Since it might take a while to train the model, after completing the fit, you can save the calculated weights and load them again the next time you want to use the model again.

```python
# save weights
model.save_weights('saved_models/modelcats&dogs.h5')
# load weights
model.load_weights('saved_models/modelcats&dogs.h5')

```

You can load the weights of a model I've trained with an accuracy 85%.

In [13]:
model.save_weights('saved_models/modelallfruits.h5')

## Part 3. - Making new predictions from our trained model

Now lets test some random images. In the `singe_image` folder you will find some images of cats and dogs to test you model.

In [36]:
import numpy as np
from keras.preprocessing import image

test_image = image.load_img("datasets/colruyt/single_images/img05.jpg", target_size = (64, 64))
test_image = image.img_to_array(test_image)
test_image = np.expand_dims(test_image, axis = 0)
result = model.predict(test_image)

print(result[0])
print(training_set.class_indices)

if result[0][0] == 1:
    prediction = "appel"
if result[0][1] == 1:
    prediction = "kers"
if result[0][2] == 1:
    prediction = "kiwi"
print(prediction)

[0. 0. 1.]
{'apple': 0, 'cherry': 1, 'kiwi': 2}
kiwi


The test_image holds the image that needs to be tested on the CNN. Once we have the test image, we will prepare the image to be sent into the model by converting its resolution to 64x64 as the model only excepts that resolution. Then we are using predict() method on our classifier object to get the prediction. As the prediction will be in a binary form, we will be receiving either a 1 or 0, which will represent a dog or a cat respectively.

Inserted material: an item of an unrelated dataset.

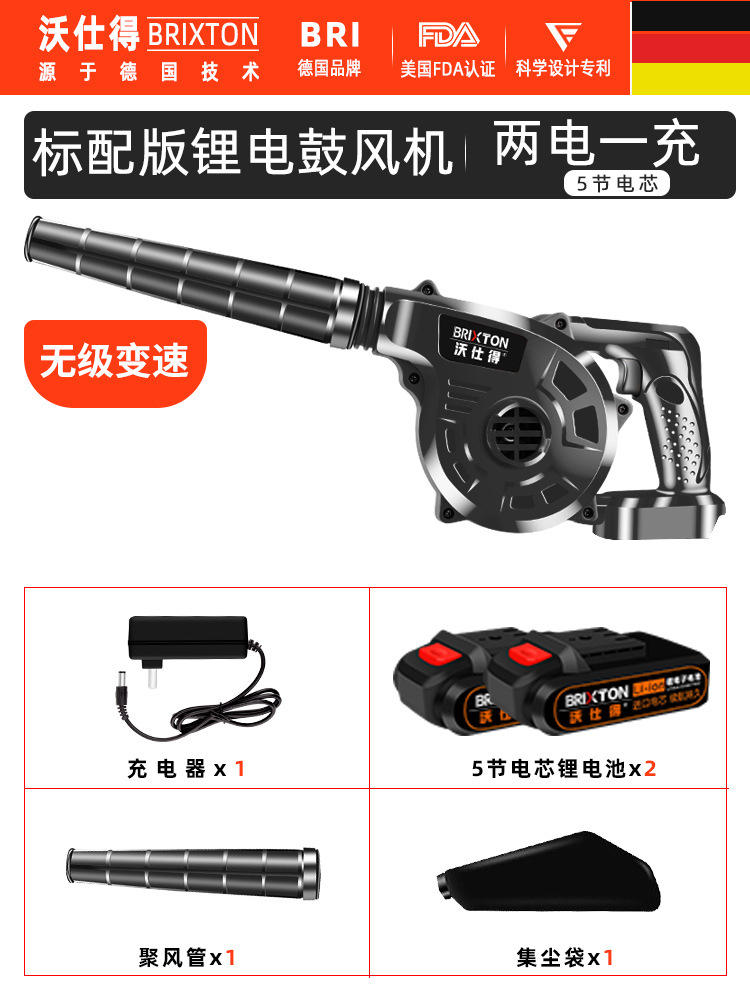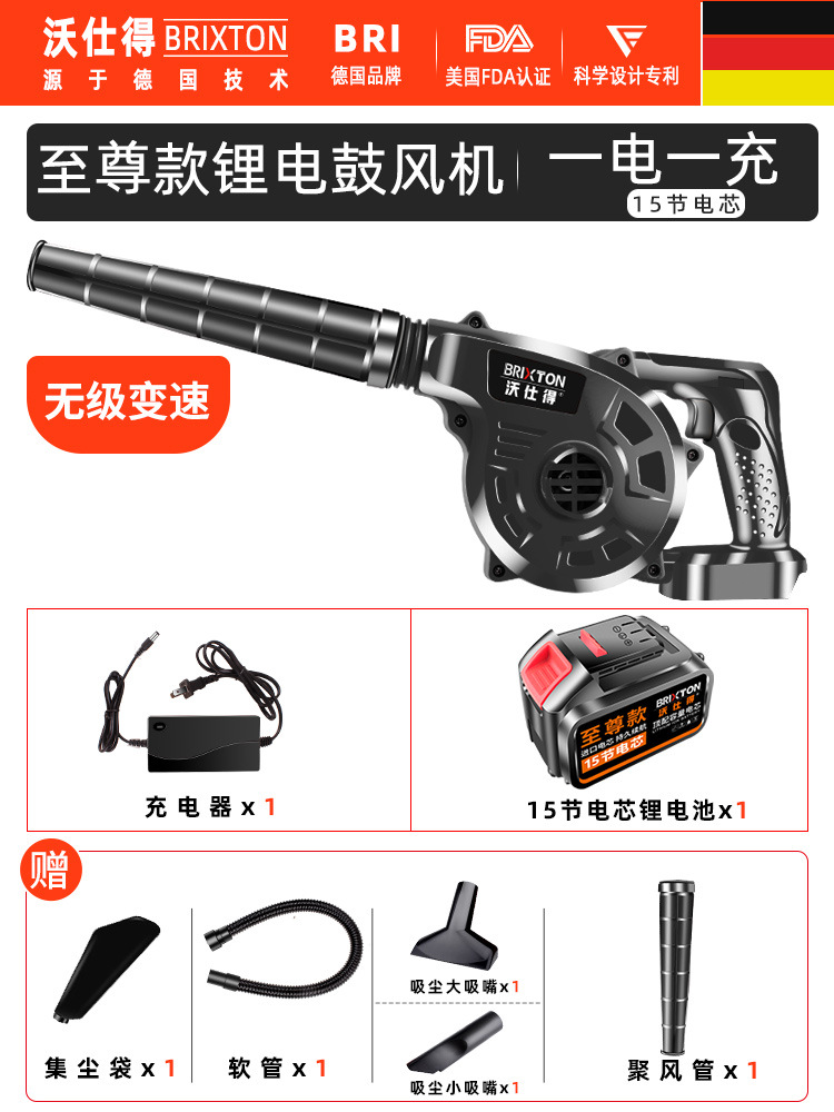 • [무단 변속] 최고급 리튬 배터리 송풍기(15셀) 배터리 1개 + 무료 청소 선물 가방

Though it is not 100% accurate but it will give correct predictions most of the times. Try adding more convolutional and pooling layers, play with the number of nodes and epochs, and you might get high accuracy result.

Maybe you've got a cat or a dog yourself? Make a picture of it and see if the model can predict if it's a cat or dog? You can even try it with your own image and see what it predicts. Whether you look close to a dog or a cat.